December 1, 2020

The Council

Proclaiming the truth to the world.

Pastor Tom Hicks wrote an article on the issue of Theonomy. I am going to share a response from Chris Matthew and Garcia:

https://pastortomhicks.com/2020/11/17/why-is-theonomy-unbiblical/

Theonomy, in the technical sense, teaches that the underlying principles of Old Covenant judicial laws are the universal moral standard of civil law for all Gentile nations, unless a law is specifically abrogated by the New Testament.

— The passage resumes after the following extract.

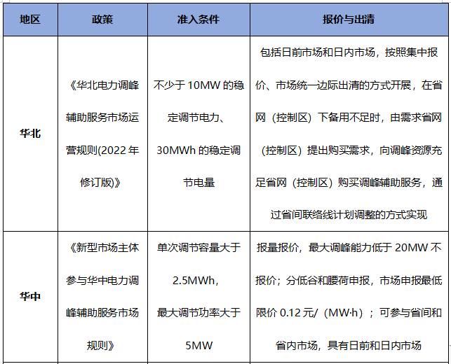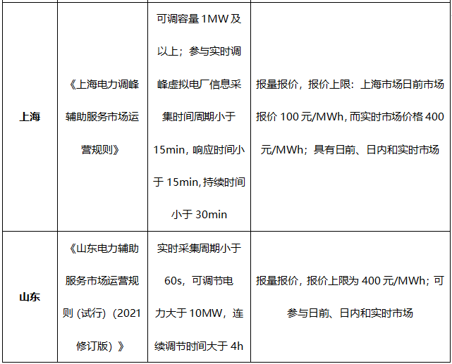 调峰服务指在电网调峰能力不足时段调整自身用电曲线达到缓解电网负荷高峰资源不足的效果。目前我国华北、华中、上海、山东、浙江和甘肃等地已颁布相关法规对虚拟电厂参与调峰市场进行了准入、报价与出清和结算方式等方面的规定。

Of course, this “teaching” is nothing more than the confessional witness apropos the issue. In the About section of the site, Tom claims to hold to the 1689 confession as a “faithful summary of biblical teaching.” The confession teaches thusly, “To them also he gave sundry judicial laws, which expired together with the state of that people, not obliging any now by virtue of that institution; their general equity only being of moral use.” The contemporary use of the term, “general equity”, referred to the basic principle of equity underlying some casuistic law. The marrow of the law, in other words. And does the general equity in any way pertain to the civil law of nations? It surely must, for what else does it mean to speak of the general equity of the Mosaic civil law? It may indeed have applications beyond the civil sphere (viz., personal, ecclesiastical, and so forth), but this does not, and cannot, negate the primacy of the laws’ essentially civil character.

 

The basic presupposition of theonomy is that God gave the judicial law to the nation of Israel as a universal law of perfect justice for all nations because it is a perfect reflection of God’s own moral character.

More specifically, the civil law is a perfect reflection of God’s own moral character applied to the temporal affairs of men and the execution of justice by the State. Scripture testifies to this in numerous places, and chiefly in [Deut. 4:5-8].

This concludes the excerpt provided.